A Dalby1, Z Dauter, J A Littlechild.   

Abstract

Fructose 1,6-bisphosphate aldolase catalyzes the reversible cleavage of fructose 1,6-bisphosphate and fructose 1-phosphate to dihydroxyacetone phosphate and either glyceraldehyde 3-phosphate or glyceraldehyde, respectively. Catalysis involves the formation of a Schiff's base intermediate formed at the epsilon-amino group of Lys229. The existing apo-enzyme structure was refined using the crystallographic free-R-factor and maximum likelihood methods that have been shown to give improved structural results that are less subject to model bias.
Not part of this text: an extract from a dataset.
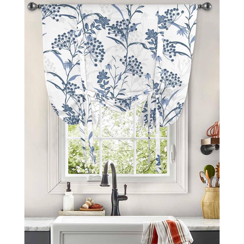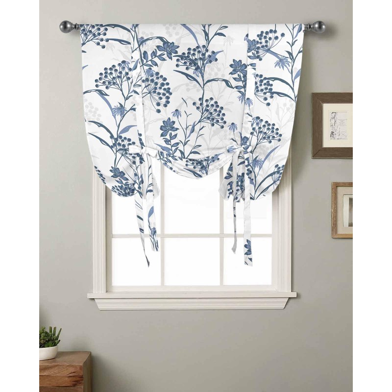 Blue Floral Plant Tie Up Curtains for Kitchen Bedroom Living Room Windows, Adjustable Tie-Up Shade Rod Pocket Curtain Valance Drape Grey Modern Minimalist White Floral Spring Summer 1 Panel, 52" x 45"

Crystals were also soaked with the natural substrate (fructose 1,6-bisphosphate), and the crystal structure of this complex has been determined to 2.8 A. The apo structure differs from the previous Brookhaven-deposited structure (1ald) in the flexible C-terminal region. This is also the region where the native and complex structures exhibit differences. The conformational changes between native and complex structure are not large, but the observed complex does not involve the full formation of the Schiff's base intermediate, and suggests a preliminary hydrogen-bonded Michaelis complex before the formation of the covalent complex.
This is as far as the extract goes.